Now Boz wants me to think about what I have done, to re-examine my position. Ceece is in tears thinking of how she’ll get by without me. She doesn’t know that no matter where I go, I’ll take her with me.
I am in a bit of a sweat. I am used to this life. The streets aren’t so bad when you have a pack to run with, but on your own it’s a different story. Or with Ceece. She has no outstanding survival skills, she just tags along and hopes for the best. Sleeping with one eye open is only fun when you’re pretending you’re in a movie – like James Bond or The Bourne Identity. When you’re sleeping with one eye open for real it means days, weeks of no sleep. And the world becomes shrouded in fog.
Sometimes I have a waking dream where I dream with my eyes open. I call it my oasis dream like I have been stuck in the desert for days with no water and suddenly I see a shimmering lake surrounded by palm trees where I can drink gallons and gallons of exquisite water, sweet and cold. An oasis dream can never come true because it is an illusion. I know that but it doesn’t stop me from dreaming it anyway.

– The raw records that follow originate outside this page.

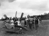 Skördearbete med självavläggare i Hovsta, 1920-tal
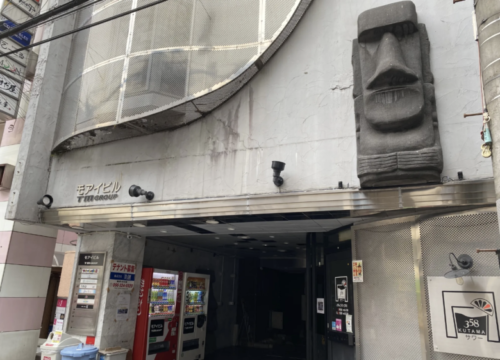 下通りから脇道に入った相撲通りのモアイ像(モアイビル)
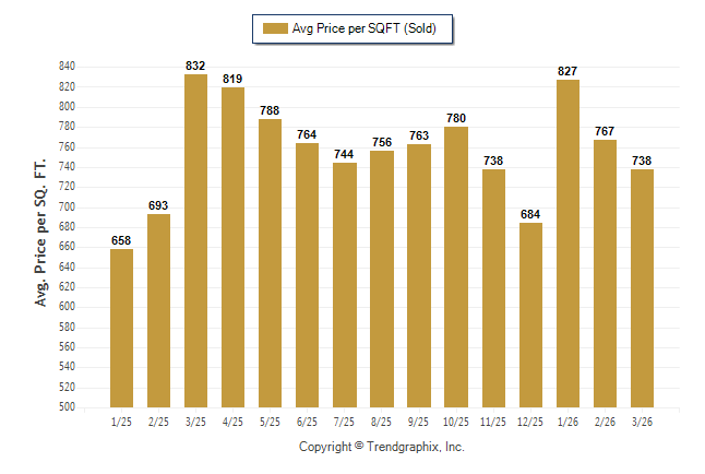 March 2026 Average Sold Price per Square Footage was Neutral**

I dream of a mother who looks and me and smiles. And a bedroom with clean sheets and pillows as big as the span of my arms. There is roast chicken and chocolate pudding for dinner. And hot cocoa with cream.
My mother knows I am cut and bruised, that much of me is frayed at the edges. She sees my struggles to put myself back together, to fill in the cracks and the chips. ‘Don’t give up,’ she says. ‘I am with you.’ Then I shake my head and she is gone. So is the lake. It was just an oasis, after all.

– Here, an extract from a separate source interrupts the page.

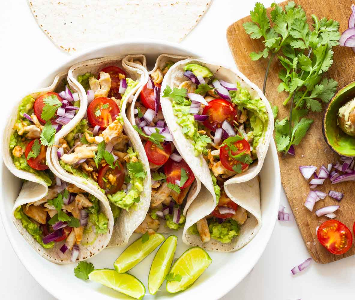 8. Ătaler le guacamole sur les tacos, ajouter de la viande, des tomates cerises, des rondelles d'oignon et de la coriandre. Servir avec des tranches de citron vert.

Ceece has come to sit beside me. The lights are amber in the darkening city. We can see all the way to the waterfront, see the beacons on the tug boats. We talk about the joke we have where we stowaway on a ship all the way to the South Pacific. We would get jobs cleaning hotel rooms in some big holiday resort and live in a little house on the beach. It is a dream we share.
‘Boz says we’re out,’ says Ceece. ‘We’re useless, both liabilities. That we’re on our own.’ There is a slight tremor in her voice. She is afraid. If I were to tell the truth right now, right this minute, I would admit that suddenly the night seems too large. There is so much space out there in the dark. But I lie because Ceece needs me to. ‘We’ll be fine on our own, ‘ I say. ‘We’ll get our own little flat with a TV and proper beds. We’ll even get some books, bestsellers. It’ll be the life we’ve always wanted.’
Ceece sighs. She is happy. She snuggles against me and quickly falls into sleep. I am dizzy, resolute, exposed. I am no longer one of the faithful. I am just me. I knew that one day it would come to this. I knew that there is a danger the present can be just like the past. But I know that the future is unmapped, untrammeled; ever-changing like the sea. And that is enough for me.